### [To do]
Please return every line of the records below that contains the word "emboîter".
[Data in this exercise — start]
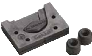
WEDGE HANGER Fixation à emboîter

Fixation à emboîter pour bricoleurs - simple, efficace et élégante. Peut être installée à l'extérieur comme à l'intérieur sur des surfaces verticales ou inclinées pour suspendre des cadres, des miroirs, des oeuvres d'art, des décorations murales, des tableaux noirs, des boîtes aux lettres des haut-parleurs et bien plus encore!
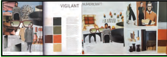
Gambar 3. Tema dan subtema terpilih

Istilah busana berasal dari Bahasa Sansekerta yaitubhusana, yang kemudian populer dalam Bahasa Indonesia menjadi busanaberarti pakaian( http://www.kelasbusana.com/2016/01/pengertian-busana-jenis-dan-fungsinya.html ).
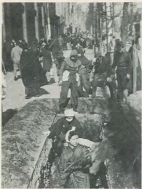
昭・17 歩道にも防空壕
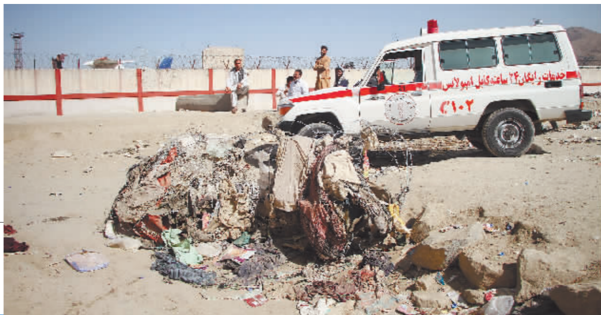
8月27日,一辆救护车停在阿富汗喀布尔机场附近的爆炸现场。喀布尔国际机场外26日发生两起爆炸,导致包括美军在内的重大人员伤亡。极端组织“伊斯兰国”阿富汗分支宣称发动袭击。

美国总统约瑟夫·拜登26日说,美方将打击制造喀布尔机场附近自杀式爆炸袭击的极端组织“伊斯兰国”阿富汗分支。后者自称“伊斯兰国呼罗珊省”。按照一些国际媒体的说法,“呼罗珊”组织与阿富汗塔利班是死对头。“敌人的敌人是朋友”,美国会与塔利班就此合作吗?
[Data in this exercise — finish]
### [Result of the exercise]
WEDGE HANGER Fixation à emboîter
Fixation à emboîter pour bricoleurs - simple, efficace et élégante. Peut être installée à l'extérieur comme à l'intérieur sur des surfaces verticales ou inclinées pour suspendre des cadres, des miroirs, des oeuvres d'art, des décorations murales, des tableaux noirs, des boîtes aux lettres des haut-parleurs et bien plus encore!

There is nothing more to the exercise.